$1 margaritas. This happy hour needs to end.
I know for sure he's a bro because he closed the door so my gf didn't see me hooking up with her cousin.
My neighbor is on the his front porch in a robe dipping a popsicle into what appears to be vodka. I want to be his son.
Second wave of rafting ended in a concussion. Don't worry though, the paramedic says it's still not considered a DUI.
What I love about college? The kid tripping balls has a kayak made readily available to him on any given Wednesday, Saturday, or Sunday.
Um. That's my cat Laura. You put my cat in your mouth, and then you put my cat in your purse.
I knew you would eventually ask my secret. Pedialite mix drinks. Works wonders.
Running into your random closeted hookup from last night is really awkward when you have to sit next to him and his girlfriend in a 200 person class.

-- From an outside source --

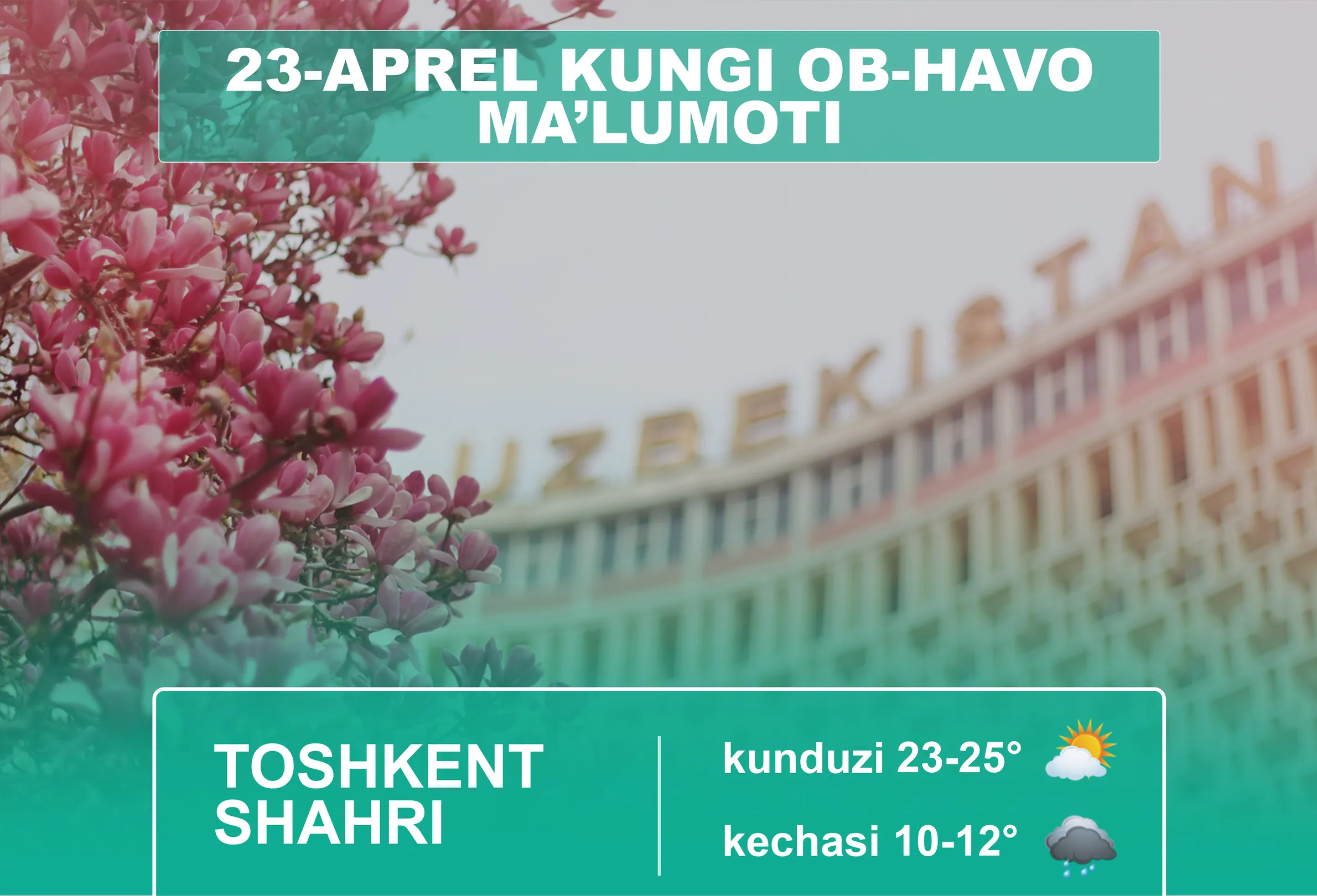 Ўзбекистон Республикаси Гидрометеорология хизмати агентлигининг хабар беришича, 23 апрель куни Тошкент шаҳрида ҳаво бироз булутли бўлади, куннинг иккинчи ярмида бироз қисқа муддатли ёмғир ёғиши, момақалдироқ бўлиши мумкин. Шамол шарқдан 3-8 м/с тезликда эсади. Ҳарорат кечаси 10-12 даража, кундузи 23-25 даража бўлади.

I think they were making kool-aid in my bed. There is lots of sugar and my hands and face are stained blue.
Almost there.
define "almost". like I have enough time to watch a youtube video or oh shit, put on some goddamn pants because they're in the driveway.
I am a 5'4" ball of sexual frustration and vodka. It is that kind of night.
The inflatable penis from those pics was mine... We broke him that night
My book, "How to Live With a Huge Penis" was delivered today. Can't wait to read it in public.
Idk. The bad part of me thinks it's a good idea. The bad part is also the stupid part.
I know right. I don't even want to have sex today. I did anyway but that's besides the point.